После ужина Толик повел меня по заповедным уголкам города, словно я отсутствовал целый год и страшно соскучился по оставленным здесь красотам.
Густая толпа зрителей покидала кинуху. Мы просочились сквозь эту толпу в зал и уселись на свои абонементные места на полу перед первым рядом, задрав головы к экрану. Смотрели — который раз! — фильм о маленьком погонщике слонов. Наслаждались дивным зрелищем, пока обильные теплые струйки не поползли под нас из-под скамеек.
Зал покидали с легкой досадой и будто врубленными в мозг сценами фильма: огромные туши слонов кишмя кишат, и на одной из них, в самой стремнине, крохотный затерянный голый мальчишка.
Спать не хотелось, и мы подались на зов музыки, доносящейся из парка. Неясные силуэты в серой полутьме аллей, воркотня и лобызания парочек по кустам, открытая танцплощадка. У входа толкался не танцующий забулдыжный люд.
Мы ротозейничали из-за деревьев, опасаясь в сей неурочный час напороться на кого-нибудь из взрослого персонала ДПР.
Над густой шаркотней множества ног заливисто взвивалась медь труб, позвякивали тарелки. Мы подождали, пока оттрещал пронзительно-гремучий фокстрот, за ним откружили занудные повторы бального танца:
Сережа, Сережа, Сережа милый мой!
Не хочешь, не надо, катися колбасой!
Далее поплыла исполненная мягкости и трепетности мелодия танго. Больше всего мне нравились вальсы. Как околдованный, вслушивался я в зовущие, волнующие звуки:
Там на шахте угольной паренька приметили,
Руку ему подали, повели в забой.
Девушки пригожие тихой песней встретили,
И в забой отправился парень молодой.
— Маня! — пискнул Толик.
Любопытной дикаркой кралась Маня поодаль от танцулек, с жадной завистью пожирая глазами галлопирующие по площадке сдвоенные тени. Давняя история с абортом отвадила ее от приемника, и видели ее мы редко. Она неузнаваемо изменилась, раздалась, заматерела; все ее округлые формы строптиво выпирали из короткого и узкого ситцевого платьица, лицо огрубело, обрело лошадиную вытянутость.
Ненароком Маня набрела на стайку вольной шпаны.

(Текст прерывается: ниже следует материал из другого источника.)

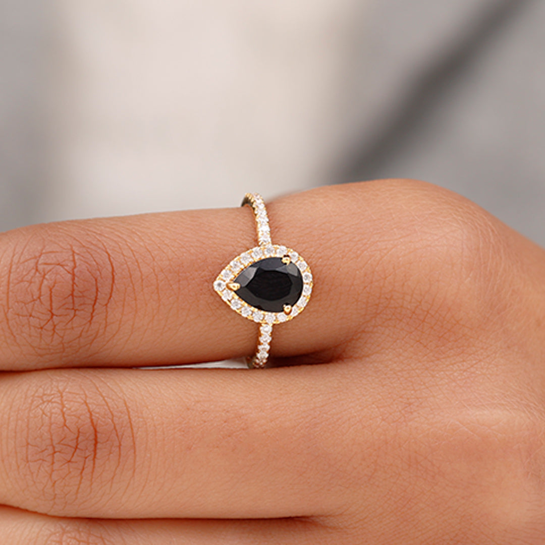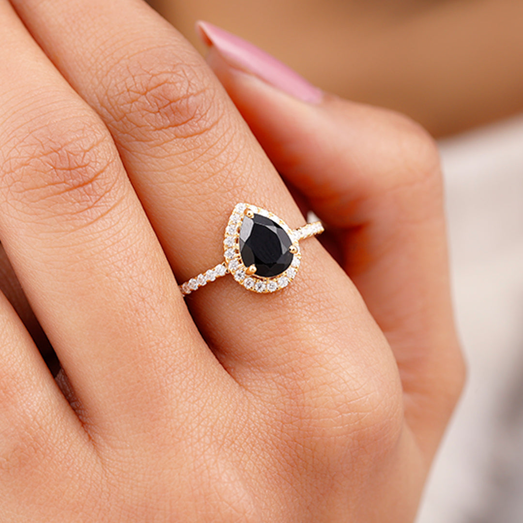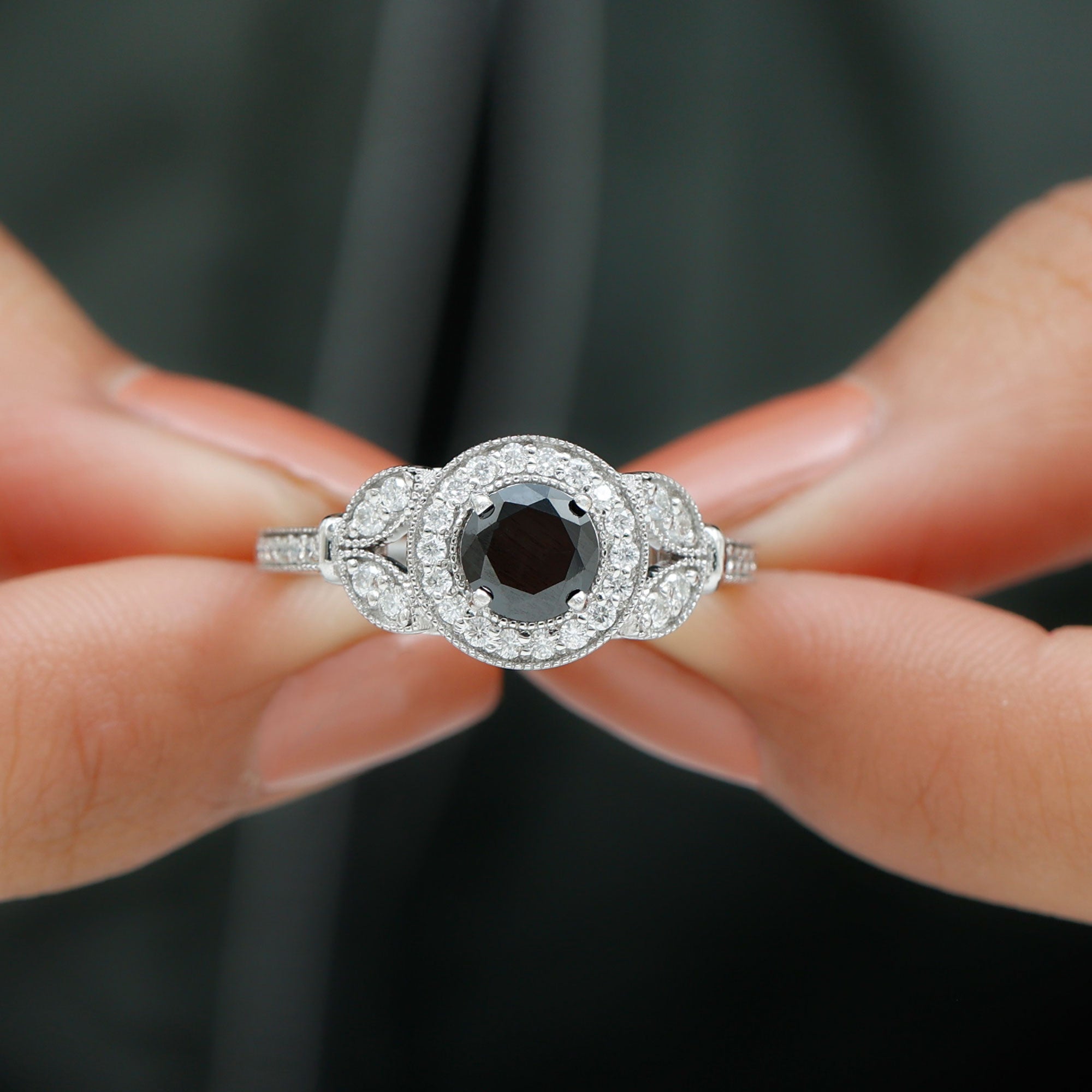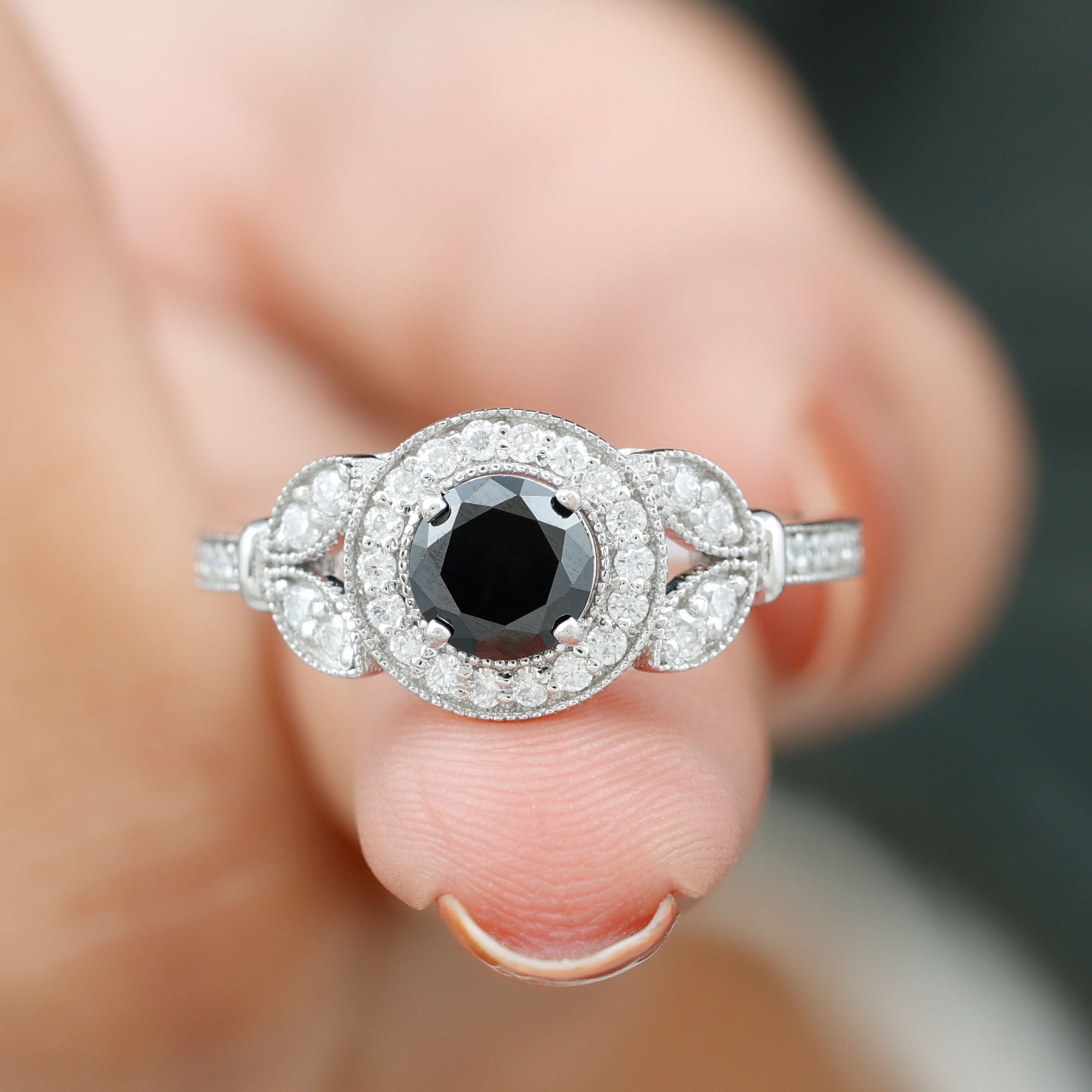 Lab Created Black Diamond Halo Engagement rings: Black diamond making the heart of the ring is surrounded by the accent of other shining gemstones, like moissanite or diamonds. The halo around the gemstone not only adds a sparkle, but offers it protection too.

Те прицепились хвостом, лапали за груди, дразнили.
— Задрыгуся! — визжал туземец, едва по плечо Мане.
— С кем сегодня! — дергал другой за болтающийся поясок платья и лез под подол.
— Честная давалка! — кричал третий.
Маня жеманно отбивалась, кривила пухлые губы томной улыбкой. Из боковой аллеи вывернула пара приблатненных верзил. С напускным негодованием отогнали привязчивую шушваль и подхватили Маню с боков.
— Еще полезут, позовешь нас!
— Зеньки повыткнем, кто тебя тронет!
— Айда с нами, достояние народное!
Маня упрямилась, тянула к людной, освещенной танцплощадке.
— Не ломайся! — вскипел угрожающий возглас.
Парни повлекли Маню вглубь аллеи, где запущенный парк постепенно сливался с лесом. Меня вдруг словно хлыстом полоснула жалостливая, страшно знакомая мольба:
— Только не бейтесь! Не бейтесь!
— Носить будем кроха… на грудях, — звучал в ответ развязный хрип. — Эмблемой чистоты и невинности.
— Маня, Манюнька, Манюсенька! Да мы …
Гром оркестра глушил удаляющиеся голоса.
Давний, внезапно нахлынувший ужас пригвоздил меня к месту. Три тесно обнявшиеся тени таяли в густом мраке дальних кустов и деревьев.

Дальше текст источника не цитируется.